E no que toca à segurança dos profissionais, este relatório que sustenta a 21ª edição do ranking mundial da liberdade de imprensa, diz que "ainda é comum que jornalistas sejam alvo de processos e, às vezes, sujeitos a condenações muito pesadas quando realizam investigações que abordam a governança e o judiciário".

Na mundo, a lista é ocupada nos nove primeiros lugares, pela Noruega, Irlanda, Dinamarca, Suécia, Finlândia, Países Baixos, Lituânia, Estónia e Portugal. No fim da lista estão Vietname, China e a Coreia do Norte.

Sobre algumas especiosidades deste documento, Christophe Deloire, o secretário da ONG fundada em 1985, em França, que pugna desde então pela liberdade de imprensa em todo o mundo, nota a "grande volatilidade de casos, com subidas e descidas e mudanças sem precedentes" destacando a subida dos 18 lugares do Brasil e a descida de 31 lugares do Senegal.

A justificação passa pelo "aumento da agressividade" em muitos governos e a claramente em crescendo agressividade para com o exercício do jornalismo em todas as suas formas, procurando formas cada vez mais óbvias de controlo e manipulação dos profissionais do sector.

Acrescenta ainda que "a volatilidade é uma consequência directa da crescente indústria das notícias falsas".

Em Angola, como é cada vez mais notório, cresce o número de sites criados unicamente com o propósito de espalhar desinformação e ou a subsistirem unicamente do recurso ao "copy paste" dos media com redacções profissionais, como o Novo Jornal, que todos os dias são prejudicadas por este "garimpo".

Apesar deste fenómeno ser bem conhecido, os organismos de regulação, como a Entidade Reguladora da Comunicação Social (ERCA), ou mesmo o Ministério da Comunicação Social, mostram-se incapazes de dar uma resposta adequada.

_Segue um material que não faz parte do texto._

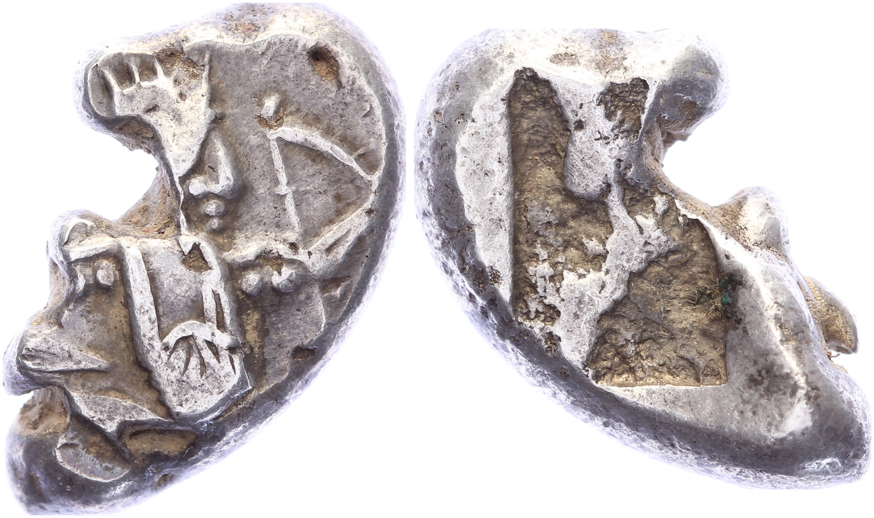 AR Siglos [5,46 gm, 15,8 mm]. Lydo-Milesian standard. Sardes or subsidiary mint. Persian king or hero, wearing kidaris and kandys, quiver over shoulder, in kneeling-running stance right, holding dagger in right hand, bow in left / Incuse punch. Carradice Type IV, Group B (pl. XIV, 43); BMC Arabia pl. XXVII, 10. Iregular flan, VF.Purchased from Tom Vossen, 2001

SE, por um lado, a situação em Angola é preocupante, no mundo não parece estar melhor, porque uma das notas salientes deste ranking 2023 sobre a liberdade de imprensa é que "a situação é muito séria" em 31 países, difícil em 42, problemática em 55 e apenas boa ou satisfatória em 52.

O que se traduz por uma percentagem assustadora de sete em cada dez países estarem em muito mau estado no que respeita ao exercício do jornalismo.

No que diz respeito especificamente ao continente africano, considerado pelos RSF um "continente de alto risco para os jornalistas", a desinformação continua a espalhar-se a grande velocidade, especialmente na África subsaariana.

Não parece haver limites para a pressão governamental de todos os tipos sobre os jornalistas nos países a viverem conflitos ou em convulsão política e social.

No entanto, esta ONG sublinha a censura exercida em países como o Mali e o Burquina Faso sobre alguns media, especialmente os franceses France 24 e RFI, mas não faz qualquer referência ao facto de a Comissão Europeia, que é um órgão não-eleito na União Europeia, ter imposto como política oficial dos 27 a censura a todos os media russos, como a Rússia Today ou a Sputnik News.

Nos países lusófonos, além da queda acentuada de Angola e de Portugal, Cabo Verde perde igualmente, passando de 33º para 36ª, mas já Timor Leste sobe de 17 para 10º lugar, a Guiné-Bissau passa para 78º, mais 14 lugares, e o Brasil perde também 14, para 92º.

Moçambique, que em 2022 estava em 116º, subiu quatro lugares enquanto a Guiné Equatorial ganha 21 posições, para 120º lugar.